Market news
12.06.2023, 00:49

US Dollar Index: DXY grinds near mid-103.00s as markets await US inflation, Fed

  • US Dollar Index defends Friday’s corrective bounce but fails to gain traction after two-week downtrend.
  • Reassessment of Fed bets, inflation clues prods DXY bears ahead of the top-tier data, events.
  • US CPI needs to confirm market’s bets on no Fed rate hike in June.

US Dollar Index (DXY) aptly portrays the pre-Fed anxiety as it seesaws around 103.50 amid early Monday in Asia, after declining in the last two consecutive weeks. It’s worth noting that a light calendar and reassessment of the Fed bets also put a floor under the greenback’s gauge versus six major currencies even if bears remain hopeful of late.

Although the recent US statistics have been favoring a halt in the Federal Reserve’s (Fed) rate hike trajectory, as seen from the market’s bets on the Fed’s rate hike in June, the inflation woes remain on the table to keep the Fed hawk hopeful. As a result, Tuesday’s US Consumer Price Index (CPI) for May, expected to ease to 4.2% YoY from 4.9% prior, becomes crucial and allows the DXY traders to lick their wounds ahead of the outcome.

With this in mind, Analysts at ANZ said, “US May CPI data will be published just ahead of the FOMC decision and that is adding some uncertainty to the immediate call – a strong core print could force the FOMC’s hand. The median market estimate expects that core inflation rose 0.4% m/m with the headline rate rising 0.2% owing to weaker energy costs.”

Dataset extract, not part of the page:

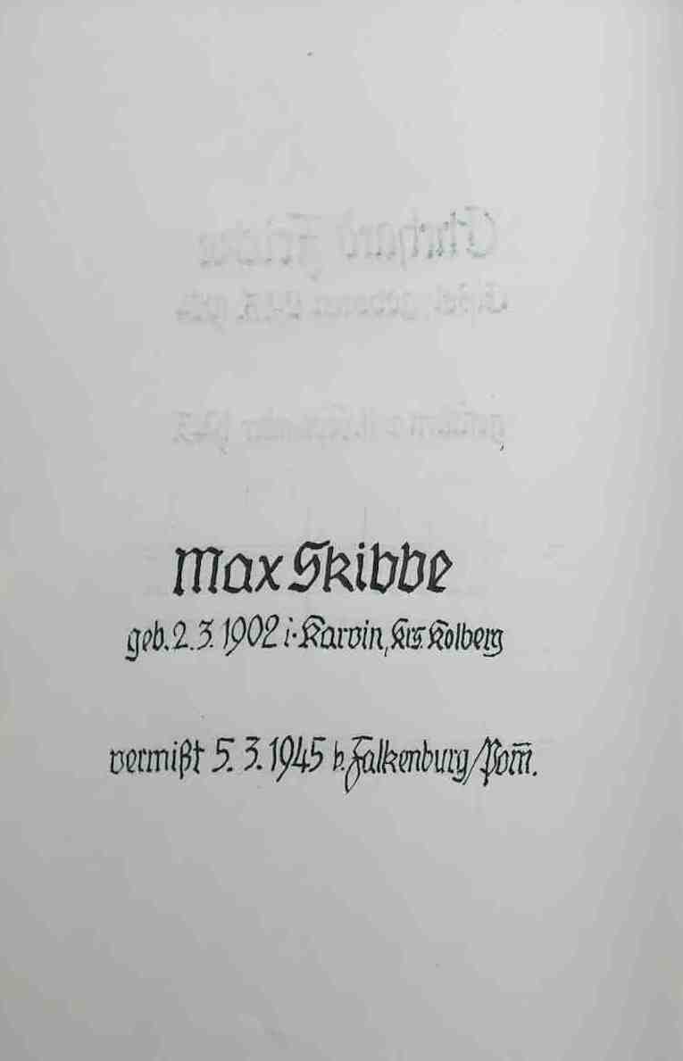 Volksbund Gräbersuche: Dienstgrad: k.A. Geburtsdatum: 02.03.1902 Geburtsort: k.A. Todes-/Vermisstendatum: 01.02.1945 Todes-/Vermisstenort: Dramburg / Falkenburg / Kallies b. Märk.-Friedland / Labes Nach den uns vorliegenden Informationen ist die o.g. Person seit 01.02.1945 vermißt.

It should be noted that the downbeat prints of the US activity numbers for May joined disappointing employment clues to weigh on the US Dollar. That said, the latest United States Initial Jobless Claims jumped to the highest levels since September 2021 whereas the US ISM Services PMI, S&P Global PMIs and Factory Orders also printed softer outcomes for May and pushed back the Fed hawks, which in turn weighed the US Dollar.

Elsewhere, fears of economic slowdown join softer statistics from Europe and China to allow the US Dollar Index bears to take a breather amid a light calendar and a lack of major data/events.

It’s worth mentioning that the US Treasury bond yields grind higher and allow the DXY bulls to remain hopeful even as Wall Street and S&P500 Futures prod greenback bulls by printing upbeat outcomes.

Moving on, a thin macro line may challenge momentum traders but concerns about the US inflation and Fed can direct the DXY.

Technical analysis

A sustained downside break of the 21-DMA, around 103.65 by the press time, directs US Dollar Index (DXY) to the 100-DMA support of around 103.05.